The output was thus:

Time for scale = 1: 0 mins, 0 secs, 2 millis, 883903 nanos
Time for scale = 10: 0 mins, 0 secs, 0 millis, 13995 nanos
Time for scale = 50: 0 mins, 0 secs, 1 millis, 138727 nanos
Time for scale = 100: 0 mins, 0 secs, 0 millis, 645636 nanos
Time for scale = 500: 0 mins, 0 secs, 1 millis, 250220 nanos
Time for scale = 1000: 0 mins, 0 secs, 4 millis, 38957 nanos
Time for scale = 5000: 0 mins, 0 secs, 15 millis, 66549 nanos
Time for scale = 100000: 0 mins, 0 secs, 500 millis, 873987 nanos
Time for scale = 1000000: 0 mins, 50 secs, 183 millis, 686684 nanos

As the order of magnitude increases, the performance is affected exponentially. But what had me scratching my head were these lines:

Time for scale = 1: 0 mins, 0 secs, 2 millis, 883903 nanos
Time for scale = 10: 0 mins, 0 secs, 0 millis, 13995 nanos
Time for scale = 50: 0 mins, 0 secs, 1 millis, 138727 nanos
Time for scale = 100: 0 mins, 0 secs, 0 millis, 645636 nanos
Time for scale = 500: 0 mins, 0 secs, 1 millis, 250220 nano

It appears that a scale of 10 is optimal for BigDecimal#divide()? And a scale of 100 is faster than 50? I thought this might just be an anomaly, so I ran it again (this time, omitting the highest two scales because I didn't want to wait 50 seconds :)) and this is the result:

Time for scale = 1: 0 mins, 0 secs, 3 millis, 440903 nanos
Time for scale = 10: 0 mins, 0 secs, 0 millis, 10263 nanos
Time for scale = 50: 0 mins, 0 secs, 0 millis, 833169 nanos
Time for scale = 100: 0 mins, 0 secs, 0 millis, 487492 nanos
Time for scale = 500: 0 mins, 0 secs, 0 millis, 802846 nanos
Time for scale = 1000: 0 mins, 0 secs, 2 millis, 475715 nanos
Time for scale = 5000: 0 mins, 0 secs, 16 millis, 646117 nanos

Again, 10 is considerably faster than 1, and 100 is again faster than 50.

I tried again and again, and 100 was always faster than 50. And a scale of 1 was always slower than everything less than 1000.

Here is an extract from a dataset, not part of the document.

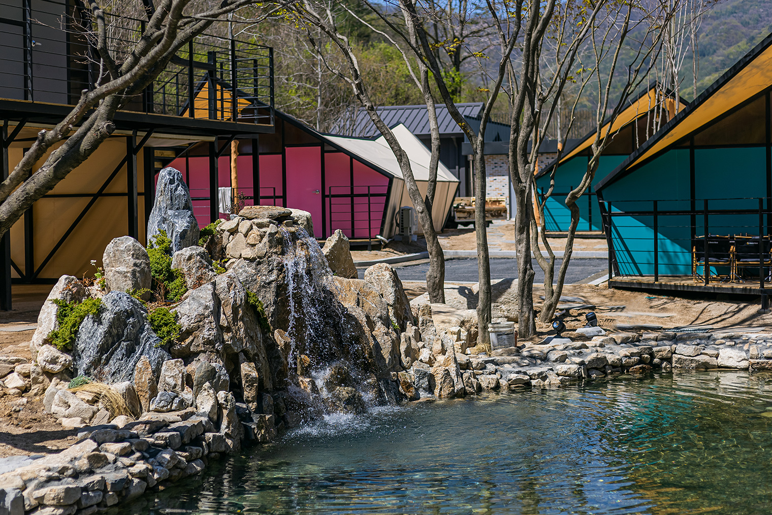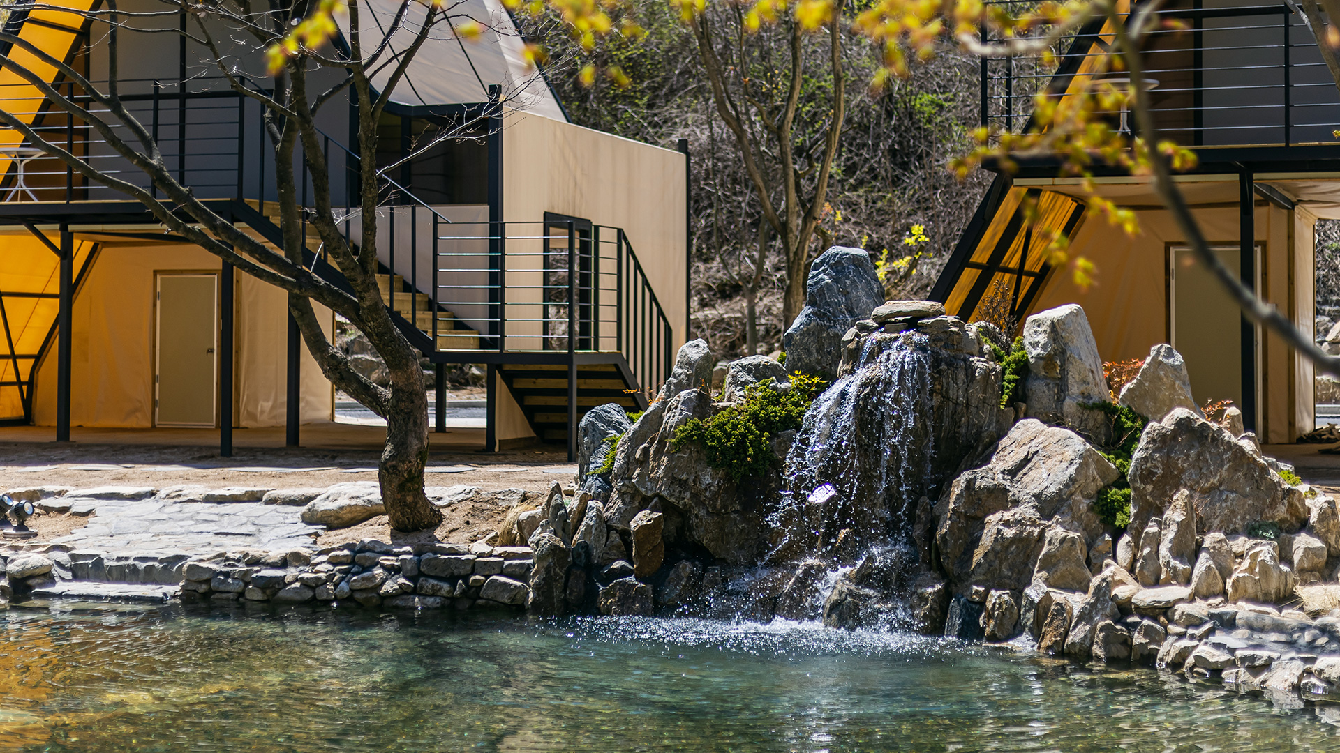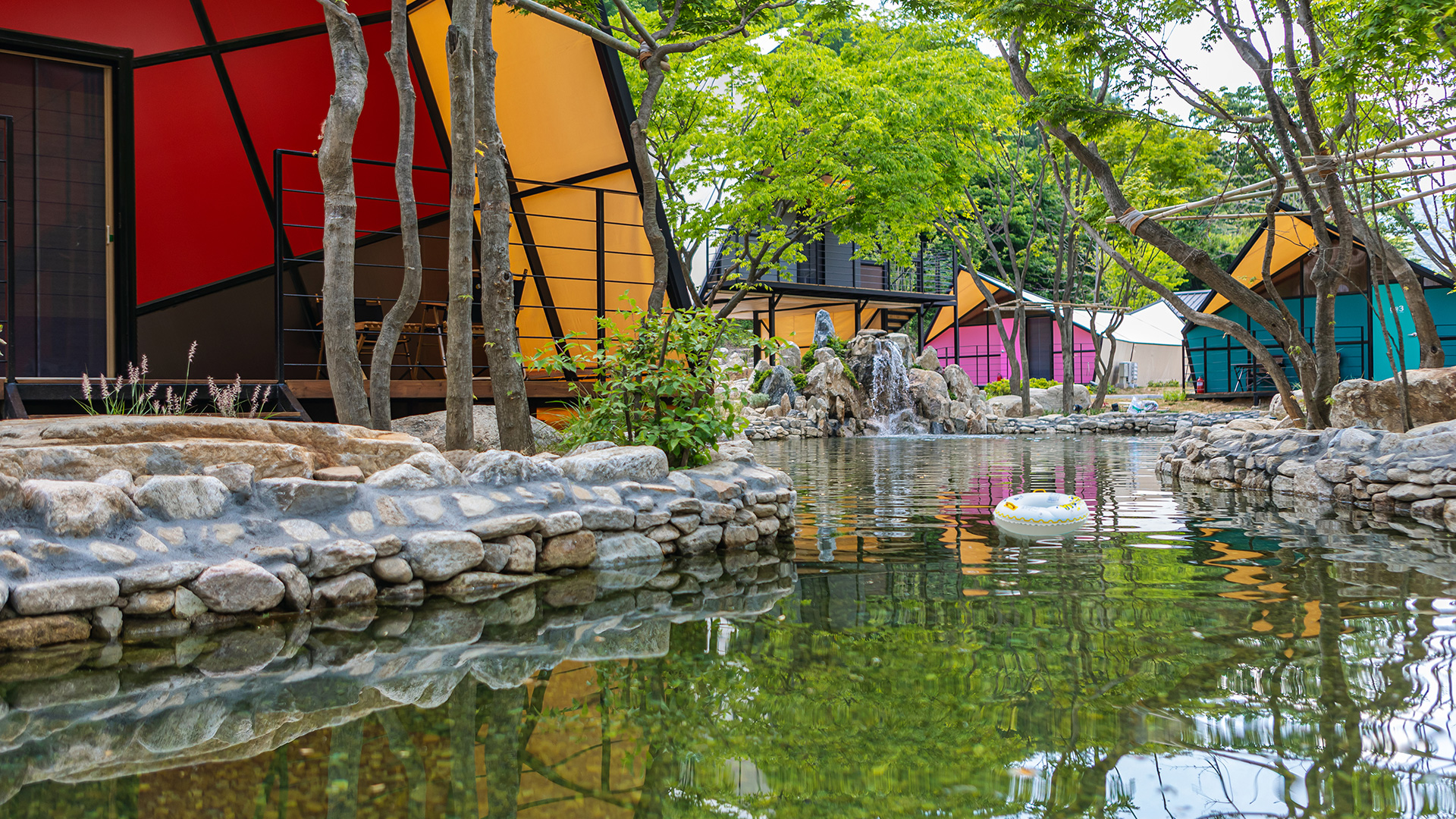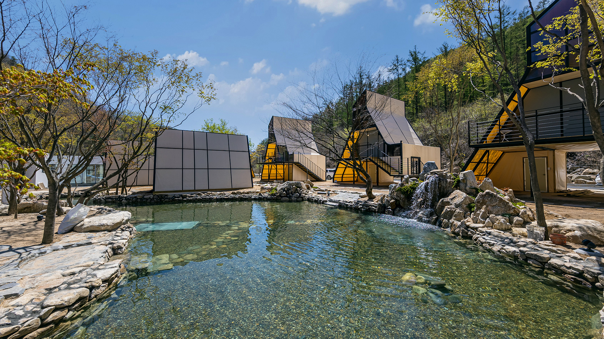 클라우드 글램핑 주변은 숲속과 함께하는 4시간짜리 트레킹 코스와 시원한 계곡이 있습니다. 싱그러운 자연에 둘러싸여 여유로운 힐링을 즐겨보세요.

Anyone have an explanation?

ryvantage
  • 13,064
  • 15
  • 63
  • 112
  • 2
    Your benchmarking methodology is extremely suspect. You _can't_ get useful results without running each method thousands of times; your results can be completely the opposite of what they ought to be otherwise. – Louis Wasserman Dec 19 '13 at 00:05
  • 1
    Your benchmark is not fair. Read this answer: http://stackoverflow.com/a/513259/155137 – Martijn Courteaux Dec 19 '13 at 00:10
  • 2
    Also, the fast ones are powers of ten -- there is a `private static final long[] LONG_TEN_POWERS_TABLE` declared in `BigDecimal`. I assume that this is for performance reasons. – Jesan Fafon Dec 19 '13 at 00:15
  • Discover [JMH](http://openjdk.java.net/projects/code-tools/jmh/). – leventov Dec 19 '13 at 06:37

1 Answers1

0

Java code is optimised dynamically but the first time you run it, it has to be loaded. To avoid confusing results caused by the code being re-compiled as you run it, I suggest

  • doing your longest run first, not last.
  • run the test for at least 2 seconds.
  • ignore the first run of at least 3 to 5 runs (You only have one in this case)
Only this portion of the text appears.